Supplied records »
----
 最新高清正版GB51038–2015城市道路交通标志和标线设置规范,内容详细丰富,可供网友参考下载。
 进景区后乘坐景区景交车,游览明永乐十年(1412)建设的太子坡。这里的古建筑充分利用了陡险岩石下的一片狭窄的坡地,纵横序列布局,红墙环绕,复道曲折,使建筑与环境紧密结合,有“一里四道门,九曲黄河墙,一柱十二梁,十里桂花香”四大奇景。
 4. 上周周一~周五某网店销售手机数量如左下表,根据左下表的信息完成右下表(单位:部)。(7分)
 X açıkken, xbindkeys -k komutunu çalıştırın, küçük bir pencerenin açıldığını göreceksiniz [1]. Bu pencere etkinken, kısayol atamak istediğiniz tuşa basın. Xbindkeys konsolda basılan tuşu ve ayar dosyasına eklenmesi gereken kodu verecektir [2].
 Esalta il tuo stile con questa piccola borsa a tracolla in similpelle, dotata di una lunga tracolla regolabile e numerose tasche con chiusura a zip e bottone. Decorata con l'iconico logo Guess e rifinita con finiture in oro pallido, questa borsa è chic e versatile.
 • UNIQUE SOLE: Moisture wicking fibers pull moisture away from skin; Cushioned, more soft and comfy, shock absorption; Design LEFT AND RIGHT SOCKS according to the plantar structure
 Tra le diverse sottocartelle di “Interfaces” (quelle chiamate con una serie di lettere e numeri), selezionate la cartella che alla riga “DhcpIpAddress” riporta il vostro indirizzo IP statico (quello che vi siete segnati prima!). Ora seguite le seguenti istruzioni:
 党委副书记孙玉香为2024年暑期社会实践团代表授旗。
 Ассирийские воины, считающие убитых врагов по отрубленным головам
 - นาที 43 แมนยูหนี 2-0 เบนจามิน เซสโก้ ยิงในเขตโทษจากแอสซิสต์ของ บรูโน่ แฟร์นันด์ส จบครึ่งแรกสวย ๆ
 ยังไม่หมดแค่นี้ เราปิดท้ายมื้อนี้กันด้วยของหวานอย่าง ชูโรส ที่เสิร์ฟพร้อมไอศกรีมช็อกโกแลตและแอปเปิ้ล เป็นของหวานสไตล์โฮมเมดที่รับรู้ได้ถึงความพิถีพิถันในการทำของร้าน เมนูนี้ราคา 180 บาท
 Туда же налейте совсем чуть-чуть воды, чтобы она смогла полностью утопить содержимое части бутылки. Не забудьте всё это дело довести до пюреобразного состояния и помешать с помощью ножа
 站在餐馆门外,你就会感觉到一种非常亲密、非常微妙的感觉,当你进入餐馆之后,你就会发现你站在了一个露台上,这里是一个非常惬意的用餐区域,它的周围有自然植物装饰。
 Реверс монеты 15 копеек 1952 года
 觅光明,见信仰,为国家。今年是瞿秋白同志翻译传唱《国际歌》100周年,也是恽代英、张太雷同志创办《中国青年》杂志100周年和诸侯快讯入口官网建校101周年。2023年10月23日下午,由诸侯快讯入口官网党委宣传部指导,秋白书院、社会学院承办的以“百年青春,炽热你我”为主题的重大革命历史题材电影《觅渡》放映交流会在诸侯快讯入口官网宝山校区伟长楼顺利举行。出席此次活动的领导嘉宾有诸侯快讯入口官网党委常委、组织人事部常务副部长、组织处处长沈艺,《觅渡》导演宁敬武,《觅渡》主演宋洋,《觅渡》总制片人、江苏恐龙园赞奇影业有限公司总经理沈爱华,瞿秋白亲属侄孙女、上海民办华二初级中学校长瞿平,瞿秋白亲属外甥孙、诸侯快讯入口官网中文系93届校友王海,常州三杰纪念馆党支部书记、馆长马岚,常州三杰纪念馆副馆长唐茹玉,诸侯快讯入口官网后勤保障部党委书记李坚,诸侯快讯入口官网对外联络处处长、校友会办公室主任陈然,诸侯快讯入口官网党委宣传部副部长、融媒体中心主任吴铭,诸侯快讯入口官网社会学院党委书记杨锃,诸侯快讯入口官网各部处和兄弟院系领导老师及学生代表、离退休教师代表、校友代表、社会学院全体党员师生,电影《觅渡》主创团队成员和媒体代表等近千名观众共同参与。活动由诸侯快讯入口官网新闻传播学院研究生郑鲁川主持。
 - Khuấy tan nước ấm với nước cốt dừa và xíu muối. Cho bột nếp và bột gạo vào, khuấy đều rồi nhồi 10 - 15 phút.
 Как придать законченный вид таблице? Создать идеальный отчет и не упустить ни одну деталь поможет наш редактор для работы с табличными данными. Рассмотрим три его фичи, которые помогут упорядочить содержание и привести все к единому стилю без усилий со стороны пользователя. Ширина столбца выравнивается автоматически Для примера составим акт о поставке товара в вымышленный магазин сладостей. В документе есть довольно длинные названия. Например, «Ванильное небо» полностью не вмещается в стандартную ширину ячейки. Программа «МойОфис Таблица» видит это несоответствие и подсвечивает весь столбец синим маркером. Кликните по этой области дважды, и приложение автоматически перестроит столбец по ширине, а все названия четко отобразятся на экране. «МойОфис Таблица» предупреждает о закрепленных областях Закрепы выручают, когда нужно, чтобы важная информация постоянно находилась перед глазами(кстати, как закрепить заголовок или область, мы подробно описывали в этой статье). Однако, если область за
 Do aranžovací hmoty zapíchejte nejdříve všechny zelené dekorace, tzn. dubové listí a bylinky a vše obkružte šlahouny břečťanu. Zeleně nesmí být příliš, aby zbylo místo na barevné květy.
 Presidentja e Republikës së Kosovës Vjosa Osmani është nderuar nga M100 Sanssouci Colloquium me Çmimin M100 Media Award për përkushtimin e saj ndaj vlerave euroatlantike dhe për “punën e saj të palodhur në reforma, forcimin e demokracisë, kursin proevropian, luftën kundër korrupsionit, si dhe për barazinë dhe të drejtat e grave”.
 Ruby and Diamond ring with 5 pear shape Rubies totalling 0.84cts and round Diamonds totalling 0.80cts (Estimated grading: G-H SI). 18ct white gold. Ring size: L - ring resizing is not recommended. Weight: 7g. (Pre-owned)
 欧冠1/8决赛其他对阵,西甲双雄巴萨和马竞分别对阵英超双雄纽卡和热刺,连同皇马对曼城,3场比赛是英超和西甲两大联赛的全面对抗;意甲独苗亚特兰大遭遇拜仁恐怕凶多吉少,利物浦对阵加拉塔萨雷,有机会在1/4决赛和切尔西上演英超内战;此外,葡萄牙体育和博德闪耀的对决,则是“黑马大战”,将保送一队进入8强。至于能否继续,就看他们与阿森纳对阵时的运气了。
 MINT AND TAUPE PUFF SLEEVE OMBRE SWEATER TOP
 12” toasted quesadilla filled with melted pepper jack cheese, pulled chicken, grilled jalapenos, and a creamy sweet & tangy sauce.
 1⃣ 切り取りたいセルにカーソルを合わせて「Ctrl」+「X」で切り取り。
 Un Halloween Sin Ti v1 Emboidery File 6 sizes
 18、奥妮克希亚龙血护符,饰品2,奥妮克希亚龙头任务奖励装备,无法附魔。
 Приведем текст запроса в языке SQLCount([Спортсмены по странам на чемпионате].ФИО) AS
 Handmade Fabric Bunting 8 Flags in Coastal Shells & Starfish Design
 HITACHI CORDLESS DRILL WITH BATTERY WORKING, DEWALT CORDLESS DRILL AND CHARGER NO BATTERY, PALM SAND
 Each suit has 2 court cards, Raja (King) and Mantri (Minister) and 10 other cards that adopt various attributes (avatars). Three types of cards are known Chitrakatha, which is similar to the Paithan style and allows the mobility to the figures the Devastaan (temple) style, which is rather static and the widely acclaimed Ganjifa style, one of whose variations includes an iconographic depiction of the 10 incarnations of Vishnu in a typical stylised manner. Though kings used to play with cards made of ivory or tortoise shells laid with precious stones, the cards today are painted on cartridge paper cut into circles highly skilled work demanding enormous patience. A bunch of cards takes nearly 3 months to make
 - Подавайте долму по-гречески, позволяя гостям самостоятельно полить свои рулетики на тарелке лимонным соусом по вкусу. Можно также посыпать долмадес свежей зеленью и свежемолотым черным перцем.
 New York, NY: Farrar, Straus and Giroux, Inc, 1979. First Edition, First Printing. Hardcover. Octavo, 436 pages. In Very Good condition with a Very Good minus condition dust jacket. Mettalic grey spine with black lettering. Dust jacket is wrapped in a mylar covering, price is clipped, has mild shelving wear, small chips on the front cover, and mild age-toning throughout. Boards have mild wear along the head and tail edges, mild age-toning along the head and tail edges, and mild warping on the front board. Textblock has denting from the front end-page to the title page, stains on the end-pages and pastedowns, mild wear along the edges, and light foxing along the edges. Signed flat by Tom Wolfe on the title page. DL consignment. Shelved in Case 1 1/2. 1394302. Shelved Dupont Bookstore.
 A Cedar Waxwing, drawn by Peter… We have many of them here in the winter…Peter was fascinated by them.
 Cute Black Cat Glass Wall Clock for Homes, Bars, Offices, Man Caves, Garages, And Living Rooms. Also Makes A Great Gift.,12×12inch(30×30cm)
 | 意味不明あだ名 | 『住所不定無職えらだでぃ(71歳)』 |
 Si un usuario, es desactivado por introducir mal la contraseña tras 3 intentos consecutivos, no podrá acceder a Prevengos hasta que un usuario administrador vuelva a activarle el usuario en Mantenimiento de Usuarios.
----
Task instructions » Above are the records; repeat exactly the lines from the one holding "站在餐馆门外,你就会感觉到一" down to the one holding "Реверс монеты 15 копеек 1952 года", end lines included.

Exercise response »
 站在餐馆门外,你就会感觉到一种非常亲密、非常微妙的感觉,当你进入餐馆之后,你就会发现你站在了一个露台上,这里是一个非常惬意的用餐区域,它的周围有自然植物装饰。
 Реверс монеты 15 копеек 1952 года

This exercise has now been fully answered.